One of the hazards of nuclear explosions is the generation of \({ }^{90} \mathrm{Sr}\) and its subsequent incorporation in place of calcium in bones. This nuclide emits \(\beta\) rays of energy \(0.55 \mathrm{MeV}\), and has a half- life of \(28.1\) y. Suppose \(1.00 \mu \mathrm{g}\) was absorbed by a newly born child. How much will remain after (a) \(18 \mathrm{y}\), (b) \(70 \mathrm{y}\) if none is lost metabolically?

The half-life of a radioactive substance is a critical concept in understanding how radioactive elements decay over time. It refers to the time required for half of the radioactive isotope in a given sample to undergo radioactive decay. The half-life is a fixed value for each isotope, which means that regardless of the amount of the isotope present, the proportion of the isotope that decays within each half-life remains constant—exactly 50%. In our example, strontium-90 (({ }^{90}Sr)) has a half-life of 28.1 years. If a child absorbs 1.00 microgram of strontium-90, after the passage of one half-life, only 0.50 micrograms would remain if no other processes affected its quantity. Understanding this concept enables us to predict how much of a radioactive substance will stay in a system as time progresses.

Beta radiation is one type of radioactive decay where a beta particle, which can be either an electron or a positron, is emitted from an unstable atomic nucleus. The emission of a beta particle results in the transformation of a neutron into a proton, or vice versa, inside the nucleus. This process results in the production of an atom of a new element with a different atomic number, but the same mass number. For instance, in the case of strontium-90, the emission of beta radiation will transform it into yttrium-90, a different element. Beta particles have moderate penetration power, can pose a significant health risk if ingested or inhaled, and are capable of causing lasting damage to living tissue and DNA.

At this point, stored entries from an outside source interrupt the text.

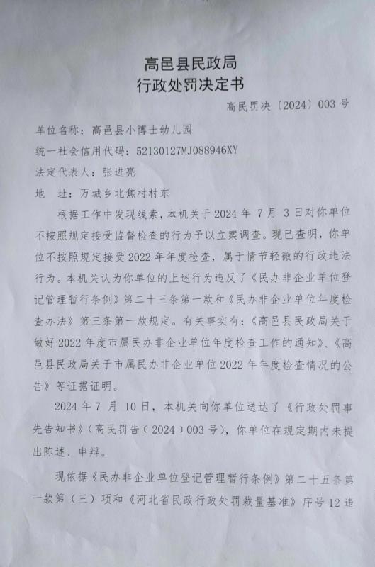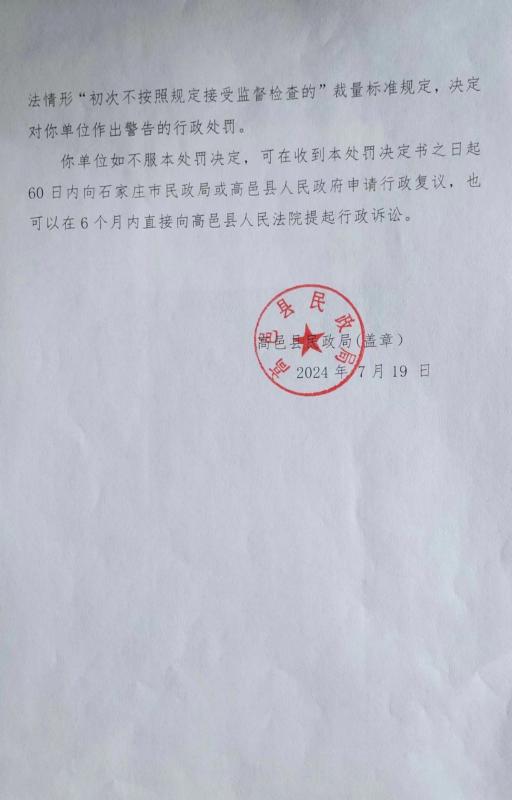 高邑县民政局行政处罚决定书
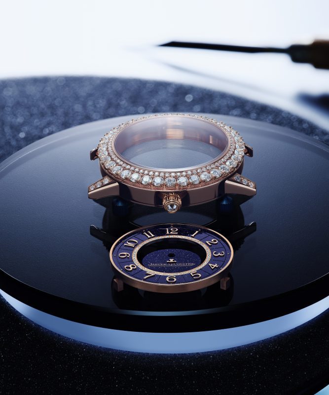 Introduced in 2022, the Rendez–Vous Shooting Star succeeds in the unprecedented feat of capturing a random cosmic phenomenon in a watchmaking complication. Inspired by the rarity and ephemeral beauty of shooting stars, the watchmakers of Jaeger-LeCoultre invented a new mechanism, Calibre 734, that sends a star shooting across the watch dial at random moments, several times each hour. The dial comprises three layers, the first of which conceals the shooting star when it is inactive. Beneath it is a circular disc with a cut-out of the shooting star that streaks across the dial when activated by movements of the wrist. As the star passes, the cut-out reveals a disc of glowing golden metal that accentuates the sense of movement. This beautiful complication lends itself to many different aesthetic interpretations, providing an ideal canvas for the decorative crafts of the Manufacture’s Métiers Rares® atelier.
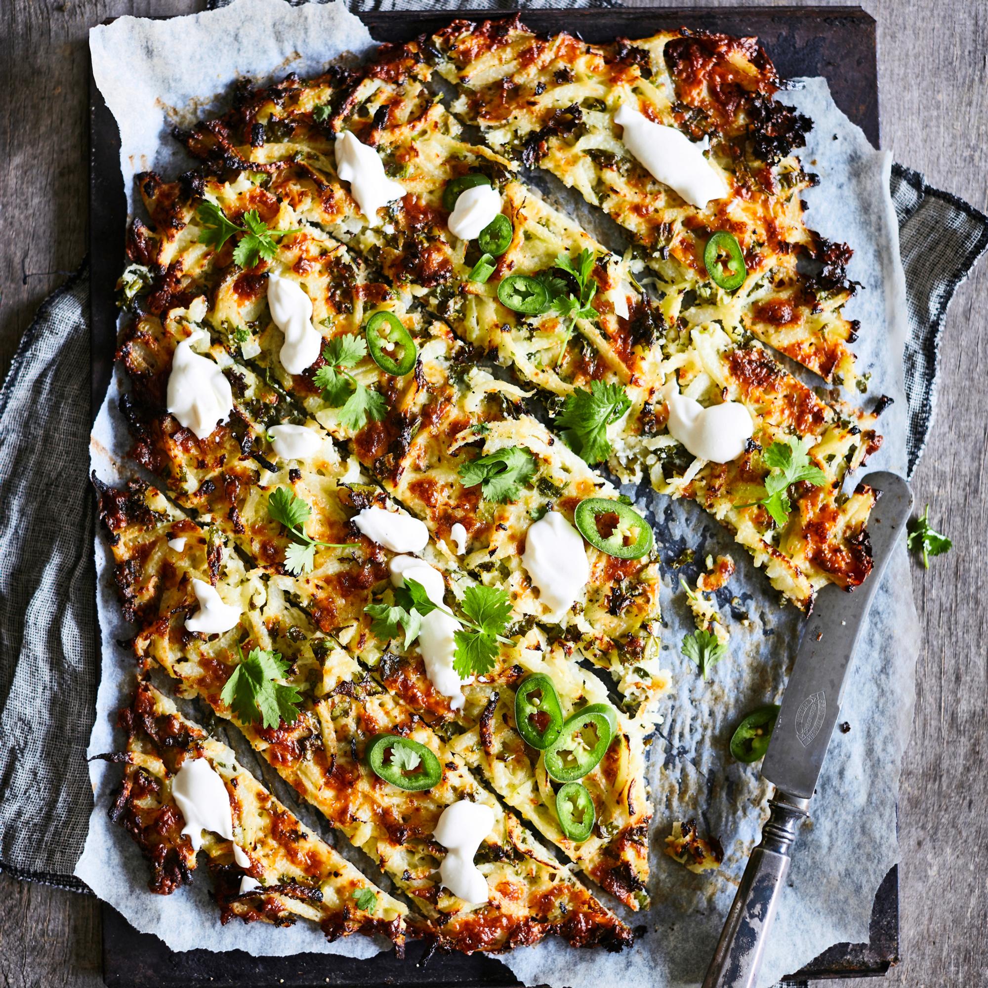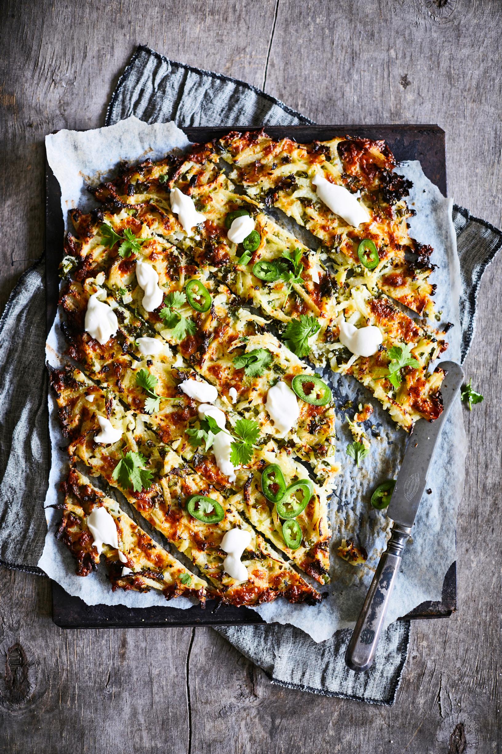 Melkein kuin pizza, muttei kuitenkaan! Kaaliröstipelti valmistuu näppärästi uunissa koko porukalle. Näyttävä peltiruoka viimeistellään jalapenoilla, vuohenjuustomoussella ja korianterilla.
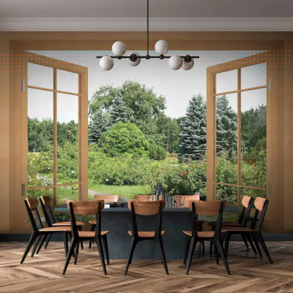 Fototapeta Fototapeta Okno z drzewami i ścieżką przez nie (SKU: u60673)
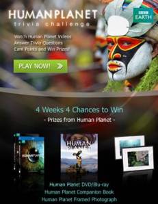 To support the series, BBC has launched an official Facebook page, featuring the new game Human Planet Trivia Challenge. Challenge friends, race against the clock, and see if you have what it takes to top the leader board. Each week we will be giving away incredible prizes including Blu-ray/DVD copies, framed photos, and award winning books.
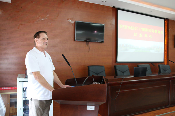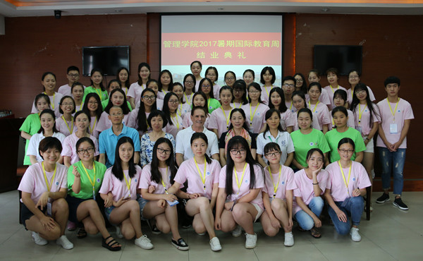 【本网讯】7月17日下午,管理学院在龙泉校区二会议室举行了2017年暑期国际教育周活动闭幕仪式。管理学院院长黄萍,副院长李贵卿、孙艳玲,党政办公室、教学办公室、学工办公室主任,教师代表以及全体学员参加了闭幕仪式。
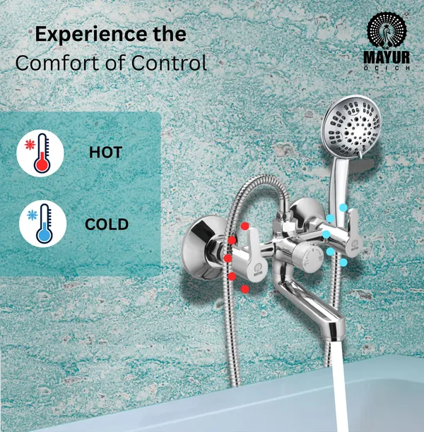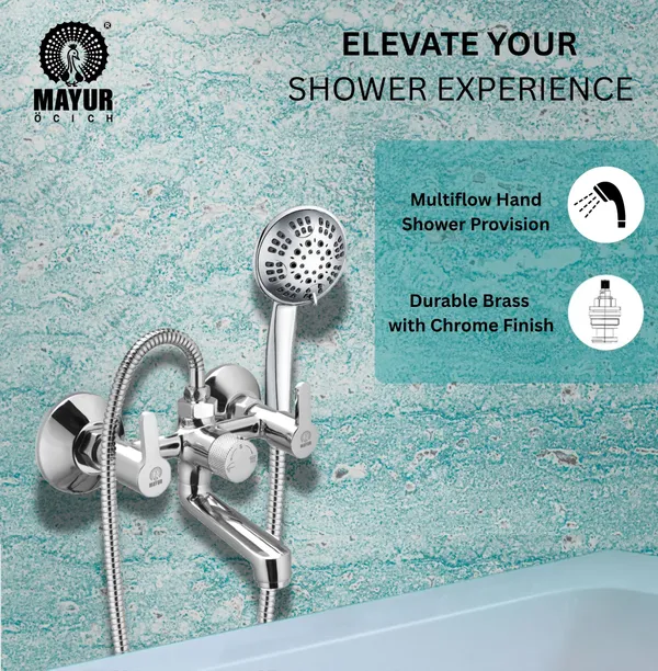 Be the first to review “MAYUR ÖCICH Brass Wall Mixer Tap For Bathroom With 5-Function Hand Shower, 1.5M Ss Hose & Hook (Fusion) | Chrome Finish Hot & Cold Water Mixer, Wall Mounted, 10-Year Warranty” Cancel reply
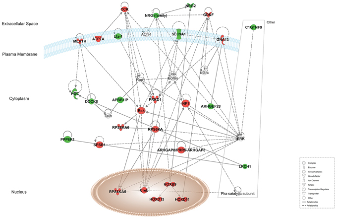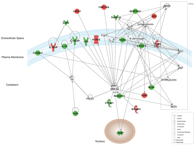 Figure 5: T cell receptor signaling canonical pathway obtained by IPA. Up- and down-regulated genes in red and green, respectively.
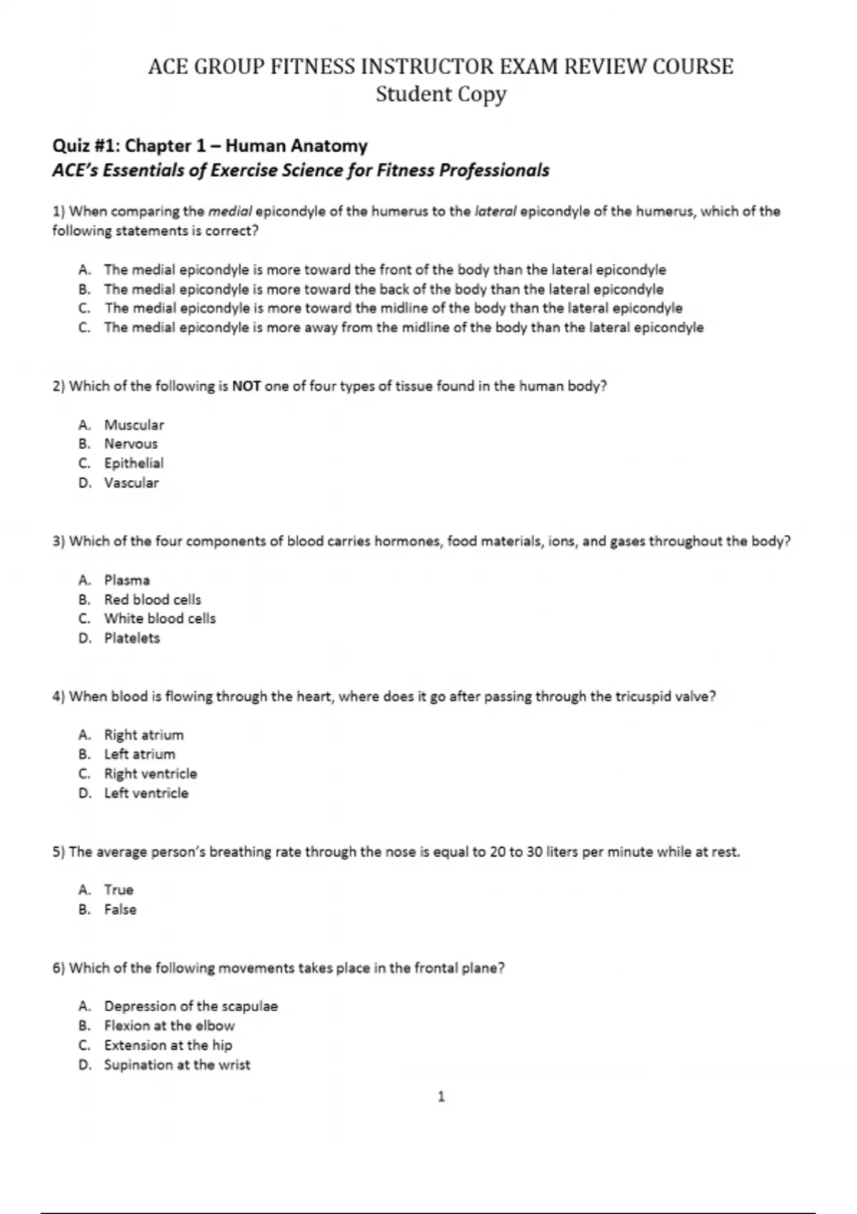 ACE Group Fitness Instructor Exam Review Course Student Copy
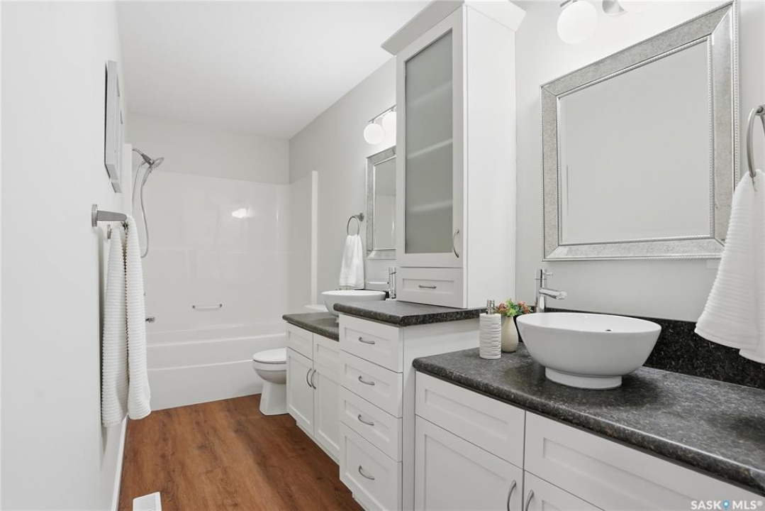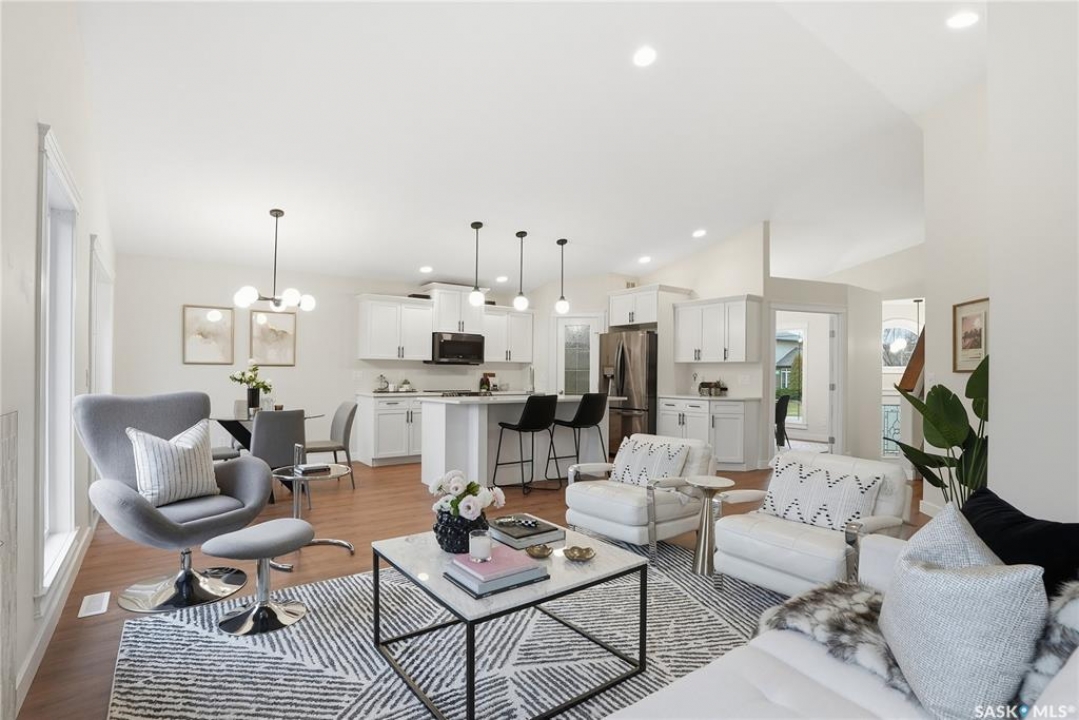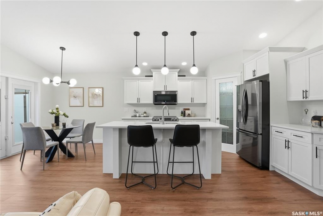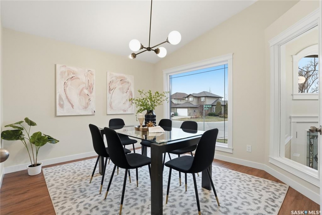 703 Beechdale Way – Briarwood Tucked away on a quiet street in desirable Briarwood, this updated modified bi-level offers over 1,700 sq ft of thoughtfully designed living space. With 5 bedrooms and 3 full bathrooms, the home blends comfort, style, and practicality. A bright great room with vaulted ceilings and a cozy gas fireplace creates an inviting first impression. The kitchen has been refreshed with maple cabinets, quartz countertops, and stainless steel appliances, complemented by updated flooring, lighting, baseboards, and paint throughout. A separate formal dining room provides a dedicated space for gatherings and family meals. Main-floor laundry adds everyday convenience. Upstairs, the private primary suite offers a peaceful retreat with a walk-in closet and a luxurious 5-piece ensuite. The fully developed basement expands the living space with a large family room and two generous bedrooms—ideal for guests, teens, or extended family. A heated double attached garage and well-manicured yard enhance the home's appeal. With walking paths, shopping, and transit nearby, the location delivers both convenience and quality of life. A warm and inviting home in one of Saskatoon's most sought-after neighbourhoods.

Radioactive decay follows a pattern called exponential decay. This means that the quantity of a radioactive isotope decreases by a consistent fraction over equal time periods, described by a mathematical function. In practical terms, over one half-life, the quantity of the isotope halves, and over the next half-life, half of the remaining substance will decay, and so on. Mathematically, the remaining amount after any number of half-lives can be calculated using the formula: remaining amount = initial amount * (1/2)^n, where n is the number of half-lives elapsed. Exponential decay allows for the precise calculation of how much of a radioactive substance will be left at any given time, which is essential for assessing exposure risks, for instance, from strontium-90 absorbed by a child.

Physical chemistry delves into the principles and theories that explain the behaviors of chemical substances, including radioactive materials. It combines chemistry with physics to understand the microscopic behaviors within atoms and molecules. When it comes to radioactive decay like that of strontium-90, physical chemistry explains not just the observable macroscopic phenomena—such as the half-life and the decay process—but also the underlying quantum mechanical events that govern particle emission. This discipline is instrumental in determining the energies involved in radioactive decay and predicting the behavior and interactions of radioactive substances within different environments, be they biological, chemical, or geological.

Nuclear chemistry is a subfield of chemistry focused specifically on the reactions and properties of atomic nuclei. This includes studying various types of radioactive decay, nuclear synthesis, and fusion and fission reactions. Understanding nuclear chemistry is essential when considering the impact of nuclear reactions, such as those occurring in nuclear explosions or in medical treatments using radioactive elements. It's also key in managing radioactive waste and in applications of radioactive isotopes, for example, in radiometric dating. In the context of our exercise, nuclear chemistry helps us understand how strontium-90, formed in nuclear reactions, undergoes beta decay and interacts with biological matter, such as being incorporated in place of calcium in a child's bones.